CHRONIQUE - COLLABORATION SPÉCIALE / C’est en mai 2014, après avoir travaillé pendant quelques années dans le domaine de la mode pour hommes, qu’Alexandre D’Aoust, « le gars des suits », a décidé de se lancer dans l’aventure de Mode Mobile.

Ce qui était autrefois une petite entreprise logée dans son sous-sol a beaucoup évolué depuis. Elle habille maintenant plusieurs hommes d’affaires de la région.

C’est pour mieux servir une clientèle d’affaires composée de gens pressés que M. D’Aoust a commencé à se déplacer pour vêtir les professionnels. Lorsqu’un client fait appel à lui, il débarque au bureau avec de la marchandise, selon les goûts et les besoins de celui-ci. Il repart avec les vêtements à faire retoucher et rapporte le tout par la suite.

Depuis mars 2017, Mode Mobile est sortie de son sous-sol et a désormais pignon sur rue au 922, boulevard Maloney Est, à Gatineau.

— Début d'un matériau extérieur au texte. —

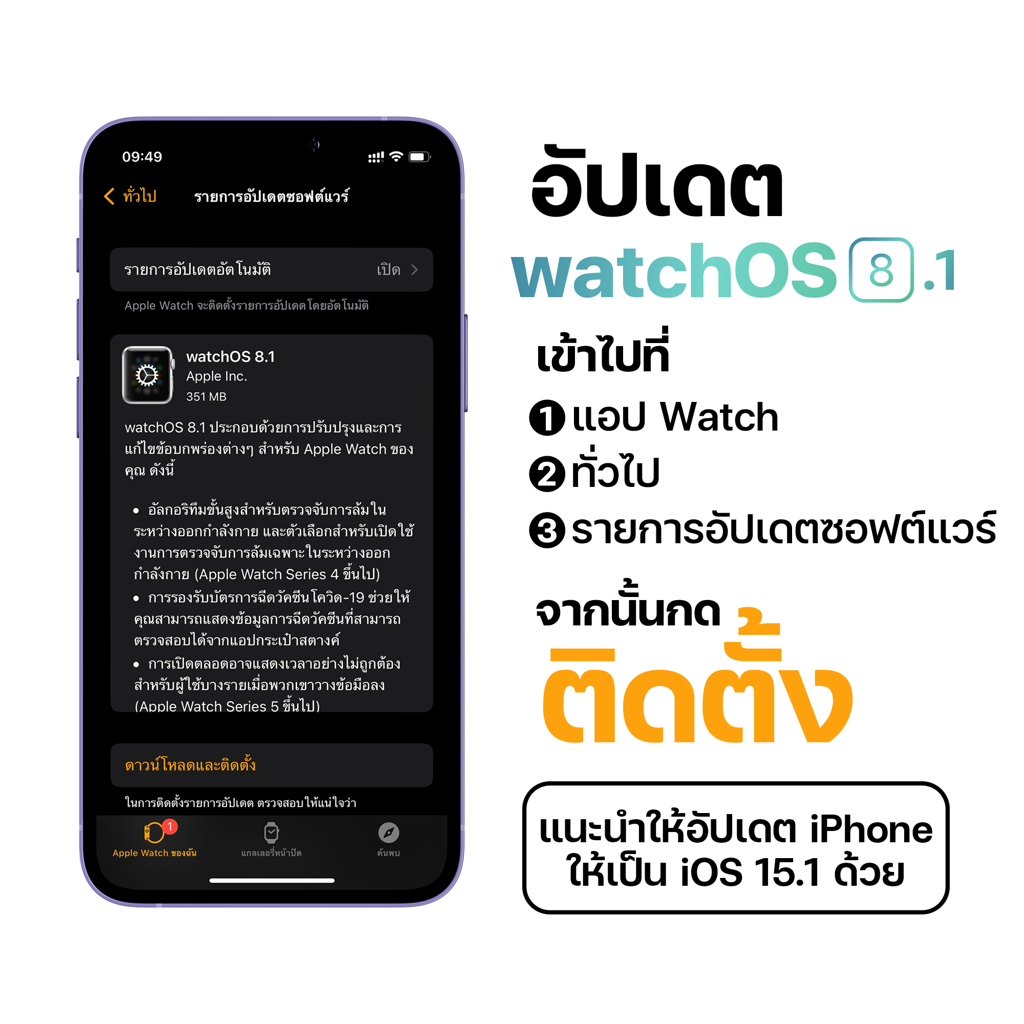 25 ต.ค. 64 เวลา 00.00 น. Apple ได้ปล่อยให้ผู้ใช้ทั่วไปอัปเดต watchOS 8.1แล้ว พร้อมกับแก้ปัญหา และปล่อยฟีเจอร์ใหม่ ให้ผู้ใช้ได้อัปเดตแล้ว จะมีอะไรบ้างมาชมกัน!

L’offre suivant la demande, davantage de choix et de collections sont désormais offerts aux clients. Le propriétaire est sur place pour offrir un service personnalisé.

Du sur mesure

Les hommes qui désirent avoir des exclusivités qui les distinguent apprécieront le service de vêtements sur mesure. C’est une excellente option pour ceux qui ont des particularités physiologiques puisque les éléments choisis vous feront comme un gant ! Tout ça dans un délai de deux à trois semaines.

Au fil des années, M. D’Aoust a non seulement adapté ses produits pour sa clientèle professionnelle, il travaille avec des fournisseurs pour offrir une expérience complète. Les retouches aux vêtements sont faites par un tailleur d’expérience dont la renommée n’est plus à faire. Vous pouvez aussi y laisser vos vêtements à faire nettoyer.

« Je voulais apporter un vent de fraîcheur dans la mode masculine avec des habits et des vêtements tendance et fashion qu’on ne retrouve pas ailleurs », confie-t-il.

Les choses bougent pour l’entrepreneur qui a plusieurs projets en marche d’ici les prochains mois, notamment l’arrivée d’une nouvelle ligne d’accessoires pour hommes. Un déménagement dans un endroit plus central est aussi dans la mire 

Mode Mobile est entre autres l’habilleur officiel des Olympiques de Gatineau, de la Ligue de hockey junior majeur du Québec. Vous risquez donc de voir ses habits partout en ville.